Answer: There is only one significant interaction between ses_mean and sector. This interaction can be interpreted as the slope of SES and Math Achievement decreases by 1.89 for every one unit change in sector, controlling for all other predictors.
# Create a model with all two-way interactions
model_q15 <- lm(mathach_mean ~ ses_mean + female_mean + sector + himnty +
ses_mean*female_mean + #each interaction is listed below
ses_mean*sector +
ses_mean* himnty +
female_mean*sector +
female_mean*himnty +
sector*himnty, data = HSB_Data_q12)
summary(model_q15) # Full model is printed
##
## Call:
## lm(formula = mathach_mean ~ ses_mean + female_mean + sector +
## himnty + ses_mean * female_mean + ses_mean * sector + ses_mean *
## himnty + female_mean * sector + female_mean * himnty + sector *
## himnty, data = HSB_Data_q12)
##
## Residuals:
## Min 1Q Median 3Q Max
## -7.7917 -0.9978 0.0495 1.0608 4.3965
##
## Coefficients:
## Estimate Std.
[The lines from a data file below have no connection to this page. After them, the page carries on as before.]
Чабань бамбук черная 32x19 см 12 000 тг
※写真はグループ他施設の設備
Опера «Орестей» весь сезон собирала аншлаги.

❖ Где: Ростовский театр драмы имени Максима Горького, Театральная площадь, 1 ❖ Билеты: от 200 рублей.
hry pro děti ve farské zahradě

Error t value Pr(>|t|)
## (Intercept) 12.20018 1.22696 9.943 < 2e-16 ***
## ses_mean 6.30877 0.97563 6.466 1.35e-09 ***
## female_mean 0.02605 2.34225 0.011 0.9911
## sector 2.72871 1.33026 2.051 0.0420 *
## himnty 0.32752 0.87824 0.373 0.7097
## ses_mean:female_mean -1.29175 1.38134 -0.935 0.3512
## ses_mean:sector -1.89470 0.85025 -2.228 0.0274 *
## ses_mean:himnty 0.51556 0.86551 0.596 0.5523
## female_mean:sector -1.84075 2.43347 -0.756 0.4506
## female_mean:himnty -0.56030 1.29932 -0.431 0.6669
## sector:himnty -1.38334 0.80294 -1.723 0.0870 .
## ---
## Signif. codes: 0 '***' 0.001 '**' 0.01 '*' 0.05 '.' 0.1 ' ' 1
##
## Residual standard error: 1.765 on 149 degrees of freedom
## Multiple R-squared: 0.6997, Adjusted R-squared: 0.6796
## F-statistic: 34.72 on 10 and 149 DF, p-value: < 2.2e-16
# Graph the interaction between ses and sector below
HSB_Data_public <- HSB_Data_q12 %>% filter(sector == 0)
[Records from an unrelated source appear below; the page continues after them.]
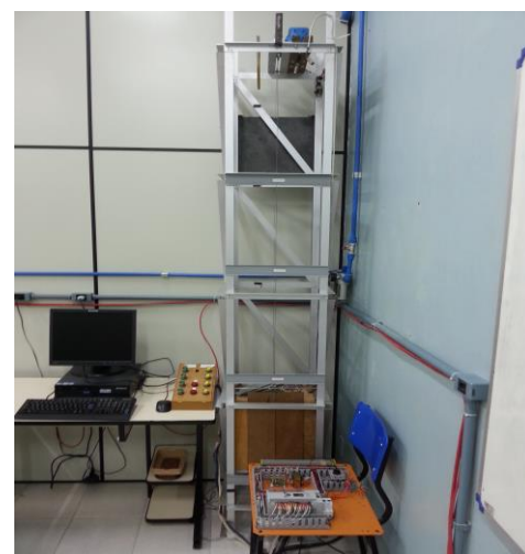
Planta didática de um elevador
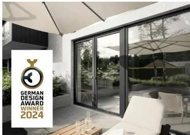
REHAU Premium-Fenstersystem ARTEVO
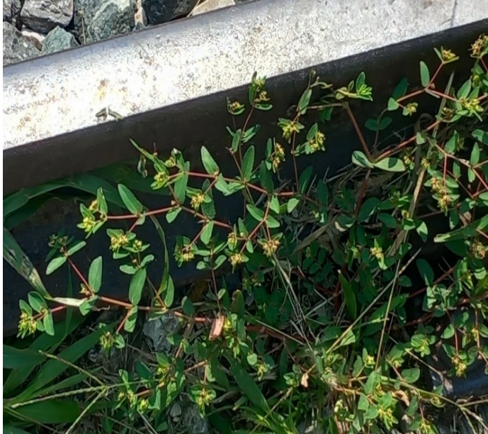
Slika 2. Euphorbia nutans Lag. (Njišuća mlječika) na željezničkoj pruzi u Hadžićima Picture 2. Euphorbia nutans Lag. (Nodding spurge) on the railway in Hadžići
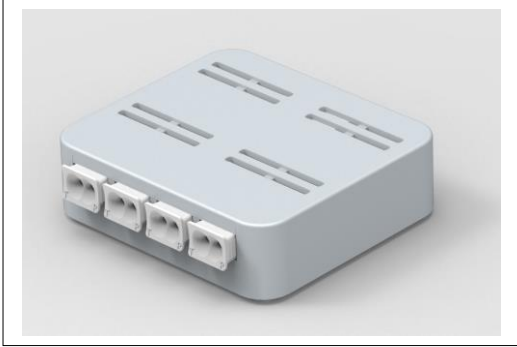
ACT4001 Imagen de producto
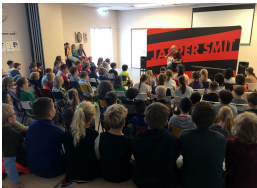
4213 leerlingen bezochten een voorstelling

Tijdens de Kinderboekenweek bezochten leerlingen theatervoorstellingen in zalen, theaters en buurtcentra in de gemeenten Lochem en Zutphen. 4 verschillende gezelschappen traden 29 keer op voor de kinderen uit de onder-, midden- en bovenbouw. In totaal bezochten 2554 leerlingen de voorstellingen.
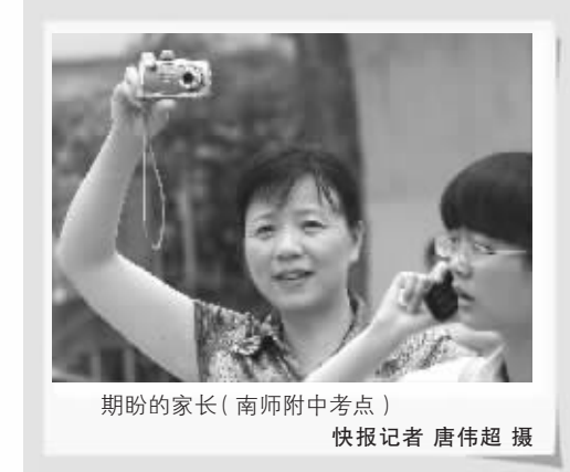
期盼的家长(南师附中考点)
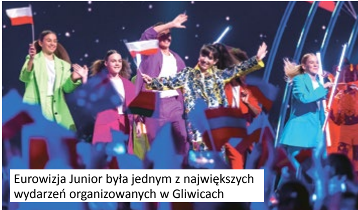
Eurowizja Junior była jednym z największych wydarzeń organizowanych w Gliwicach

Ponad pół miliona odwiedzających – takim wynikiem Arena Gliwice zamyka dwulecie swojej działalności. Średnio co trzy dni ciekawe wydarzenie, a kalendarz ostatnich miesięcy wypełniły imprezy sportowe, rodzinne i muzyczne. Dziękujemy, że byliście z nami!
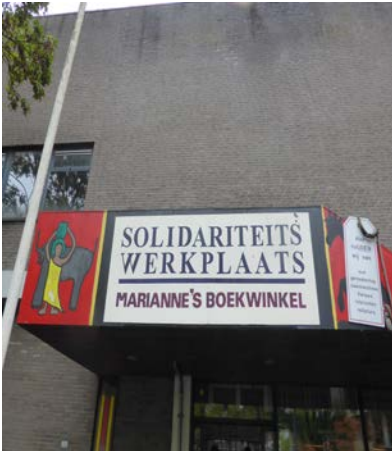
Het uithangbord aan de voorkant van het oud PTT-kantoor.
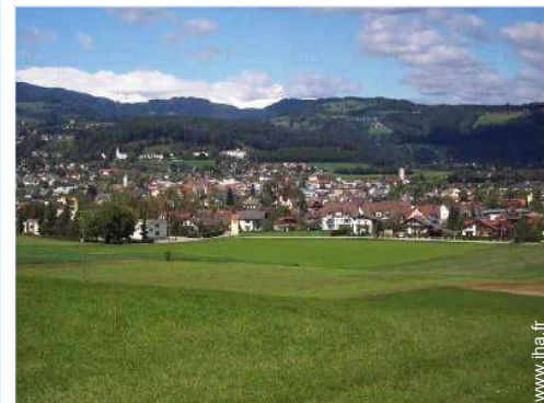
vue sur campagne

HSB_Data_catholic <- HSB_Data_q12 %>% filter(sector == 1)
ggplot(HSB_Data_public, aes(x = ses_mean, y = mathach_mean)) +
geom_point(size = 2, color = "grey") +
geom_smooth(method = lm, color = "black", size = 1, linetype = 1, formula = y ~ x) +
geom_point(data = HSB_Data_catholic, aes(x = ses_mean, y = mathach_mean), size = 2, color = "lightblue") +
geom_smooth(data = HSB_Data_catholic, aes(x = ses_mean, y = mathach_mean), method = lm, color = "black", size = 1, linetype = 2, formula = y ~ x) +
scale_x_continuous(breaks = c(seq(-1.2,1.2,0.4)), labels=c("-1.2","0.8","0.4","0","0.4","0.8","1.2"), limits = c(-1.2,1.0)) +
scale_y_continuous(breaks = c(seq(0,25,5)), labels = c("0","5","10","15","20","25"), limits = c(0,23)) +
theme_minimal() +
xlab("Mean SES") +
ylab("Mean Math Achievement") +
labs(color = "Sector") +
annotate("segment",x=.2,xend=.35,y=4,yend=4,color="black",linetype=1,size=1.25) +
annotate("text",x=.4,y=4,label="Public Schools",color="black",size=5,hjust=0) +
annotate("segment",x=.2,xend=.35,y=2,yend=2,color="black",linetype=2,size=1.25) +
annotate("text",x=.4,y=2,label="Catholic Schools",color="black",size=5,hjust=0) +
theme(plot.title = element_text(hjust = 0.5)) +
ggtitle("The Interaction Between SES and Match Achievement")
I used some code from the Basic Two Level Model R script provided by Dr. Strube to graph and fit the data separately for Public and Catholic schools.